Summary Care Record a year behind schedule, DH warns – Pulse

IT crisis management – an ongoing NHS case study

By Tony Collins

When a public-facing go-live goes wrong should communications be neutral in tone – or accentuate the positive?

On 8 December 2011 North Bristol NHS Trust went live with the Cerner Millennium electronic patient records system under the NPfIT programme.

At first Trust staff thought the difficulties were confined to a mix-up over outpatient appointments but it later transpired that there were 16 “clinical incidents” between 1 December 2011 and 17 January 2012 that were related to the Cerner Millennium implementation.

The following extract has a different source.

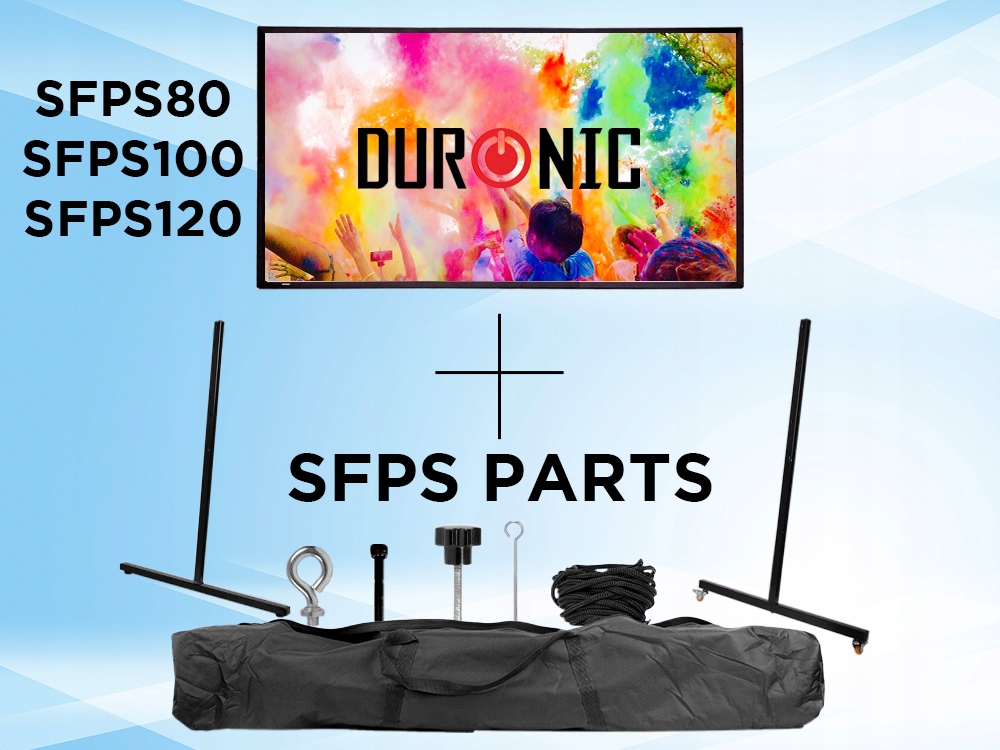 Duronic BD-SFPS100 — это готовый комплект, содержащий проекционный экран SFPS100 и мобильный штатив SFPS Parts, идеальное решение для дома, офиса и использования на открытом воздухе. Модульная система деталей SFPS обеспечивает быструю сборку без инструментов. Экран с соотношением сторон 16:9 идеально подходит для форматов Full HD, 4K и 8K и подходит для установки в помещении и на улице.

The Trust has published regular public information notices on the benefits, expected benefits, and problems arising from the Cerner implementation.

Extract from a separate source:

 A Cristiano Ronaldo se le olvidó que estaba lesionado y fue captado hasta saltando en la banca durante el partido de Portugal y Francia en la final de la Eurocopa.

Reassuring in tone, the notices have made no mention of anything more potentially serious than administrative “issues”:  non-existent appointments were set up and letters sent to patients in error. The notices said that though the “issues” caused disruption and frustration, patient safety had not been compromised. The Trust apologised to staff and patients.

Clinical incidents

No mention was made in the notices of staff having reported clinical incidents in which the new patient records system was a causal factor. The NHS usually categorises  each clinical incident as a  “near miss” or “actual harm”.

In Campaign4Change’s various conversations with the North Bristol Trust over the potential seriousness or otherwise of its IT problems, one thing has been clear: it is pleased with the level of public information it has given out over the problems:

–       regularly-updated messages on its website,

–       briefings to the media including interviews for regional BBC and ITV channels by Ruth Brunt, the Trust’s chief executive,

–       board papers,

–       on-time answers to requests under the Freedom of Information Act

–       leaflets and posters placed in outpatient clinics and on car parking machines explaining that the Trust was implementing a new computer system and apologising for any delays patients may experience

The Trust also gave GPs a dedicated telephone number, fax number and email address for GPs or their patients to contact for further advice.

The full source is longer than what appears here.